→ **WORK INSTRUCTION**: When you reach the line with "そして奈良女子高生は冬休み中" in the data below, begin printing lines exactly, and stop once the line with "在经验分享环节,各位员工导师" has been printed.

→ **DATA SUPPLIED**:
════════

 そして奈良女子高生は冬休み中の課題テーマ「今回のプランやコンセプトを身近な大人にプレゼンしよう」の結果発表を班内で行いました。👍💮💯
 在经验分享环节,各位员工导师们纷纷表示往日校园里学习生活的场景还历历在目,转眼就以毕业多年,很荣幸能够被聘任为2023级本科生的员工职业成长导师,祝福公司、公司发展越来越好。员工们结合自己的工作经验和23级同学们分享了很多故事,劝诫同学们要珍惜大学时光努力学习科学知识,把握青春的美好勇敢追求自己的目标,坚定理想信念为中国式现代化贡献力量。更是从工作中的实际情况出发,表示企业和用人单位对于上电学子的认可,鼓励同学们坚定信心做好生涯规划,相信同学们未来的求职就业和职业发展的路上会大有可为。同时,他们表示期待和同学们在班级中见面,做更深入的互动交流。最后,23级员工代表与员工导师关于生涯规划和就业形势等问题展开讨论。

════════

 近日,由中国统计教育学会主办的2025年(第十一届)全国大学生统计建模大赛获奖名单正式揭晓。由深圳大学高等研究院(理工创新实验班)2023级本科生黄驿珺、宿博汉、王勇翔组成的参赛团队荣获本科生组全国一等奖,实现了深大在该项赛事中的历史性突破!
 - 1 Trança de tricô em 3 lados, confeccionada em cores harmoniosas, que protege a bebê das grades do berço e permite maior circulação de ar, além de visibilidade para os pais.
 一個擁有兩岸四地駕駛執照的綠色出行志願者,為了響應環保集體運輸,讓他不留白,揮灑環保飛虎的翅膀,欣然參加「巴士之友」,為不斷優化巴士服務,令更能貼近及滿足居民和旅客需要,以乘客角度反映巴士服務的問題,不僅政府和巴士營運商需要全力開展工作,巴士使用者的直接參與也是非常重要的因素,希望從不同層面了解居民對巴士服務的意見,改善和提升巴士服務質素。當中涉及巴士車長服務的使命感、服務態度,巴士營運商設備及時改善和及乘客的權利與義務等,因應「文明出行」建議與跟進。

════════

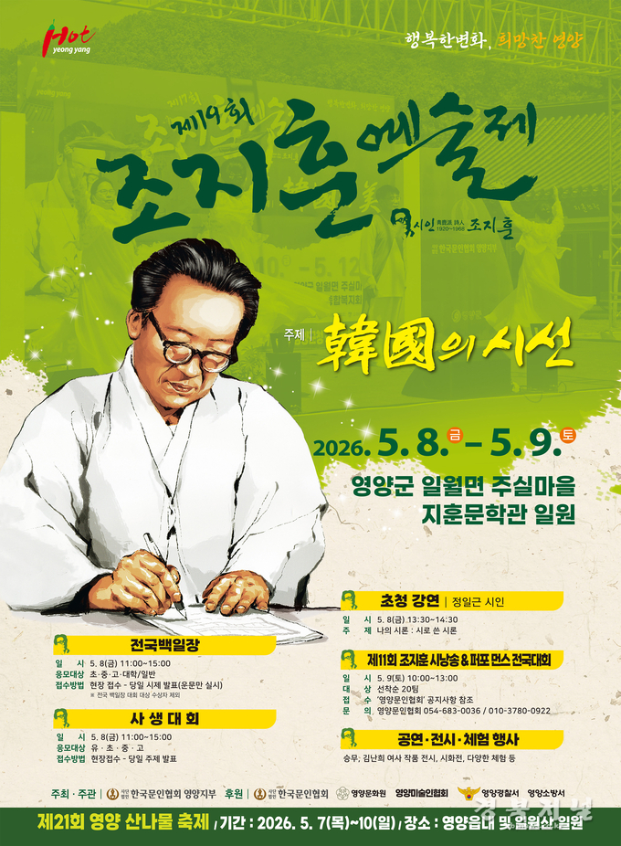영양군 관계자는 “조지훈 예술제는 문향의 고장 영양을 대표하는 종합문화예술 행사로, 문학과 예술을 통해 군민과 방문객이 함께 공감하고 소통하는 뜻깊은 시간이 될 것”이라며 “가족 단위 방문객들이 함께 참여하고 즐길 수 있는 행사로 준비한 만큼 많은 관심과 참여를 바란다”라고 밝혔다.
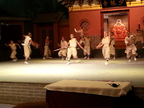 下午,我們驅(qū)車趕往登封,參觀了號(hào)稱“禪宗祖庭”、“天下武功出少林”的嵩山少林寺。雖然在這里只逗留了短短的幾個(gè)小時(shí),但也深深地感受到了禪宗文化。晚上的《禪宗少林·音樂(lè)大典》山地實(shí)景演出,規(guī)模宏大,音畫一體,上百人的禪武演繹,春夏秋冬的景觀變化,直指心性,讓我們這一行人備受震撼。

════════

→ **RESULT**:
 そして奈良女子高生は冬休み中の課題テーマ「今回のプランやコンセプトを身近な大人にプレゼンしよう」の結果発表を班内で行いました。👍💮💯
 在经验分享环节,各位员工导师们纷纷表示往日校园里学习生活的场景还历历在目,转眼就以毕业多年,很荣幸能够被聘任为2023级本科生的员工职业成长导师,祝福公司、公司发展越来越好。员工们结合自己的工作经验和23级同学们分享了很多故事,劝诫同学们要珍惜大学时光努力学习科学知识,把握青春的美好勇敢追求自己的目标,坚定理想信念为中国式现代化贡献力量。更是从工作中的实际情况出发,表示企业和用人单位对于上电学子的认可,鼓励同学们坚定信心做好生涯规划,相信同学们未来的求职就业和职业发展的路上会大有可为。同时,他们表示期待和同学们在班级中见面,做更深入的互动交流。最后,23级员工代表与员工导师关于生涯规划和就业形势等问题展开讨论。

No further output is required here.